If $S_p = \mathbb{Z}_{p^2}$, then a generator for $S_p$ will map to an automorphsim of order $p$ or $1$. Such an automorphism $g$ will have two independent eigenvectors $u$ and $v$. Suppose that $g$ fixes neither $u$ or $v$. If $a$ is an element of order $p$ in $\mathbb{Z}_q^*$, then $g$ will map $u$ to $a^i u$ and $v$ to $a^j v$ for some $ I,j$ between $1$ and $p-1$. Then $g^k$ will map $u$ to $a^{ik} u$ and $v$ to $a^{jk} v$, so we can choose $k$ so that $a^{ik} = a$. This will make $g^k$ a mapping from $u$ to $au$ and $v$ to $a^l v$. So there appear to be $p-1$ possibilities. However, we can also choose $k$ so that $a^{jk} = a$, so that $g^k$ maps $u$ to $a^m u$ and $v$ to $av$. This obviously yields an isomorphic group to the case where $g^k$ maps $u$ to $au$ and $v$ to $a^m v$, since we can just switch $u$ and $v$. So we wind up with pairs $(l,m)$ where either choice results in the same group. There are two cases where $m$ and $l$ are the same, namely $m = 1$ and $m = p-1$; the remaining $p-3$ numbers divide up into pairs, resulting in $\frac{p-3}{2}$ different groups, then the cases $m=1$ and $m=p-1$ add two more groups. Finally there is the possibility that $g$ fixes at least one of $u$ or $v$. We can either have $g$ move one, or have $g$ act trivially on both, yielding two more groups for a total of $\frac{p+5}{2}$ under this case.

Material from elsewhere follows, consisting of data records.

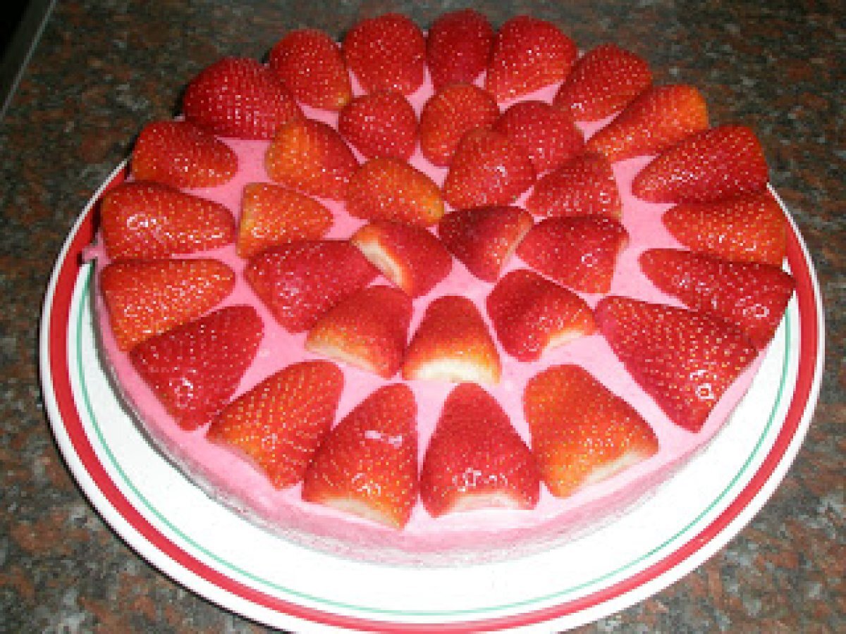 Tarta de queso y fresas PostreMedio50 min160 Kcal Enviar esta receta a un amigo Imprimir esta página Preguntar al autor Publicar la foto de esta receta Ingredientes 8 2 tarrinas de queso philadelphia o similar. 2 yogurt de fresa de los que llevan trocitos. 100 gr de azucar. 4 cucharadas soperas rasas de leche condensada. 1 sobre de gelatina de fresa. 1 sobre de gelatina neutra. 300 gr de fresas para adornar. El zumo colado de dos limones. Una base de bizcocho. Costo estimado: 6.01Euros€ (0.75€/porción)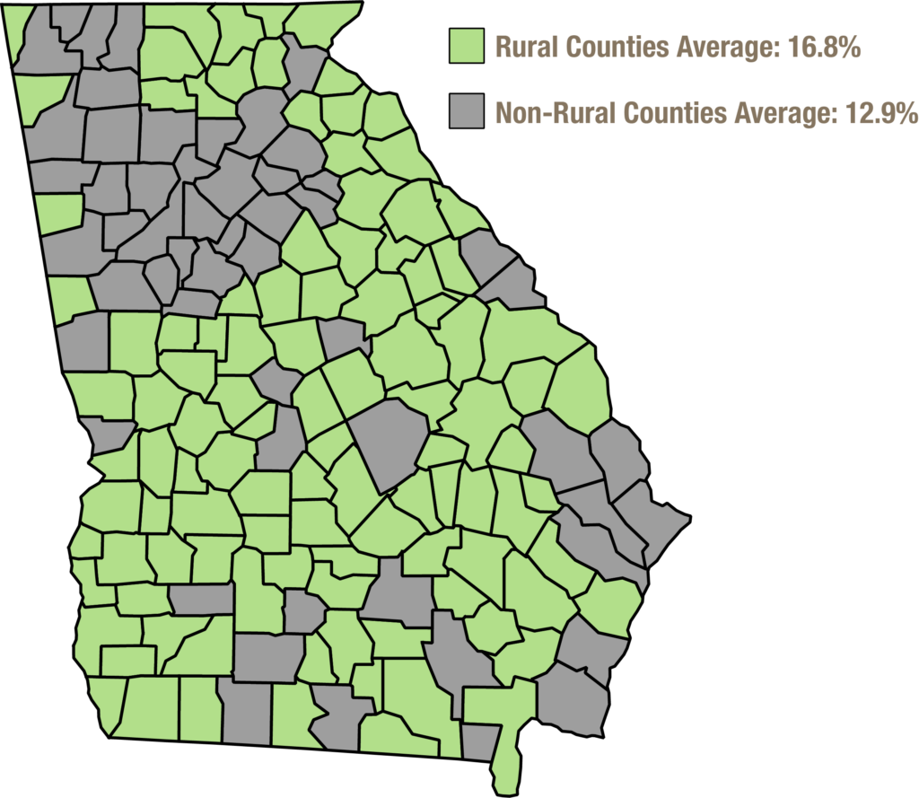Suicide deaths in Georgia increased 25 percent from 2012 to 2016. The rate of suicide death is much higher in rural Georgia. The suicide rate in rural Georgia counties was 16.8 percent in 2016 compared to 12.9 percent in non-rural counties.[12]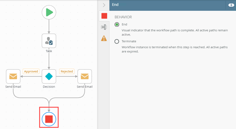 - From the Toolbox, click the Logic category and drag the End step onto the canvas. Connect the step to both Send Email steps.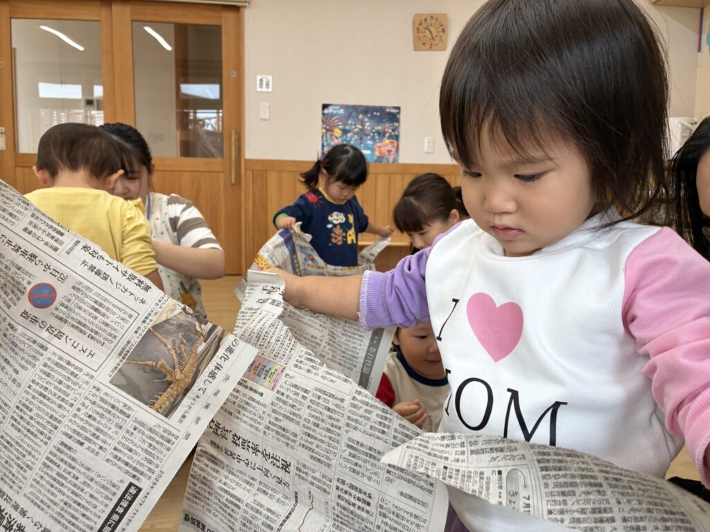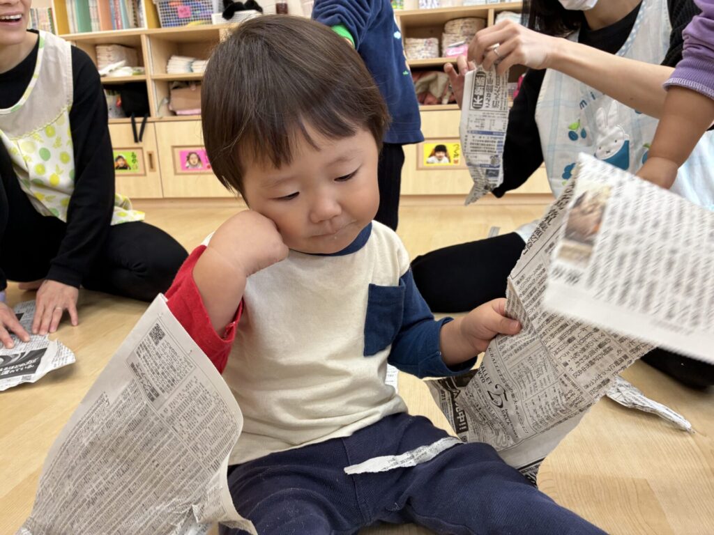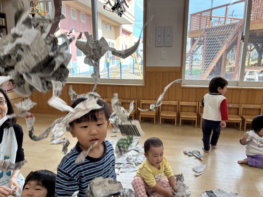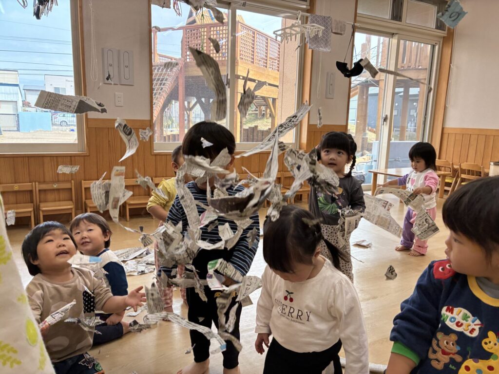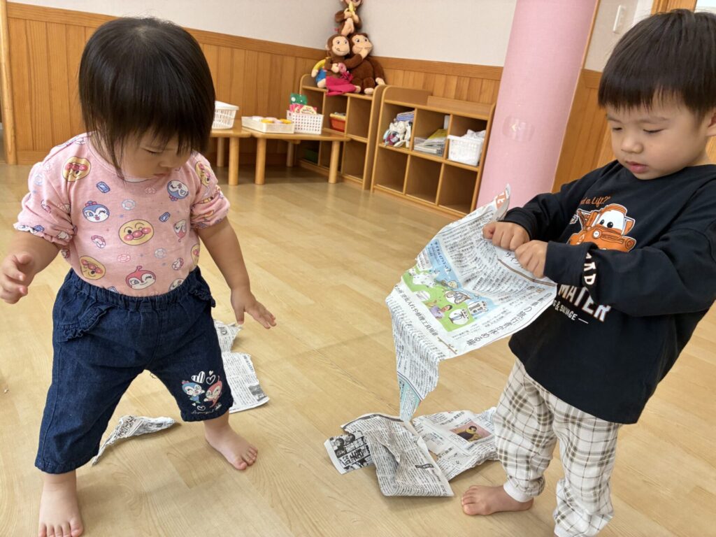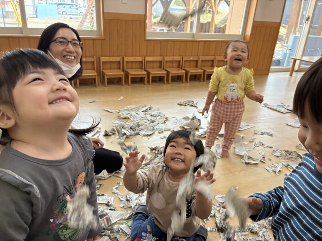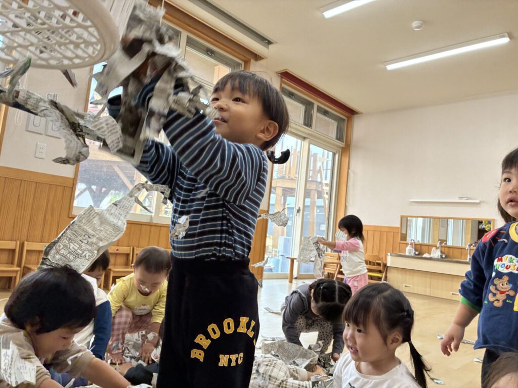 その後はお部屋で新聞遊びをしましたよ😊上から新聞を降らせると「きゃー!!」と大きな声を出して喜んでいてとても可愛らしかったです💕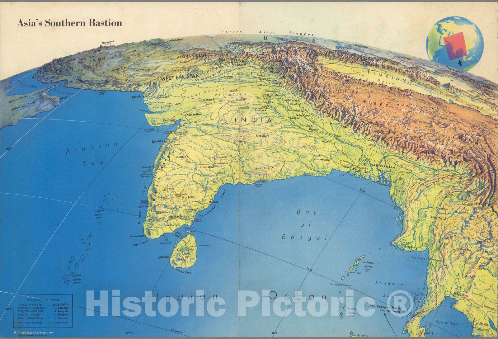 Historic Wall Map : Asia's southern bastion. 1950 - Vintage Wall Art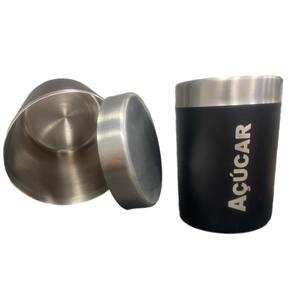 Kit de potes: acucar/cafe - 9 cm - inox/preto - ad-0302

If $S_p = \mathbb{Z}_p \times \mathbb{Z}_p$, then first consider the case where one of the basis vectors of $S_p$ acts trivially on $S_q$. Then the other cases can act in any of the $\frac{p+5}{2}$ ways above, adding that many new groups. Otherwise, we must have every nontrivial element of $S_p$ act nontrivialy on $S_q$; there is really only one possibility, where one basis vector moves some eigenvector $u$, and the other basis vector moves an independent eigenvector $v$.

In total, there are $p + 10$ different groups.

h) I: $S_q = \mathbb{Z}_{q^2}$.

We get four groups as in g). However, in the case that $S_p = \mathbb{Z}_{p^2}$, we also get a group where a generator for $S_p$ maps to an automorphism of order $p^2$, as $p^2 \mid q^2 - q$.

II: $S_q = \mathbb{Z}_q \times \mathbb{Z}_q$.

First, suppose that $S_p = \mathbb{Z}_p \times \mathbb{Z}_p$. Then we get the same $\frac{p+7}{2}$ groups as listed above in g). Next, suppose that $S_p = \mathbb{Z}_{p^2}$. Again, let $g$ be a generator for $S_p$, and let $u$ and $v$ be independent eigenvectors under the action of $g$. If $g$ maps to an automorphism of order $p$ or $1$, then we will get one of the $\frac{p+5}{2}$ groups listed in g). If $g$ maps to an automorphism of order $p^2$, then it must perform an action of order $p^2$ on either $u$ or $v$; WLOG suppose the action on $u$ is of order $p^2$. We get one group where $g$ acts trivially on $v$. Suppose the action on $v$ is of order $p$; then, if $a$ is an element of order $p^2$ and $b$ an element of order $p$ in $\mathbb{Z}_q^*$, we can choose $k$ so that $g^k$ takes $u$ to $au$ and $v$ to $b^m v$, where $m$ can be any number from $1$ to $p-1$. This leads to $p-1$ different groups. (No pairing this time since we can distinguish $u$ and $v$) Finally, suppose the action on $v$ is of order $p^2$. Then, as we have argued previously, we can choose a $k$ such that $g^k$ maps $u$ to $au$ and $v$ to $a^l v$, where $l$ can be any of the $p^2 - p$ elements of $\mathbb{Z}_{p^2}^*$. As before, the elements will be paired off, except for $l =1$ or $l =p^2-1$. So this results in $\frac{p^2-p+2}{2}$ possible groups.

All told, there will be $\frac{p^2 + 3p + 24}{2}$ different groups.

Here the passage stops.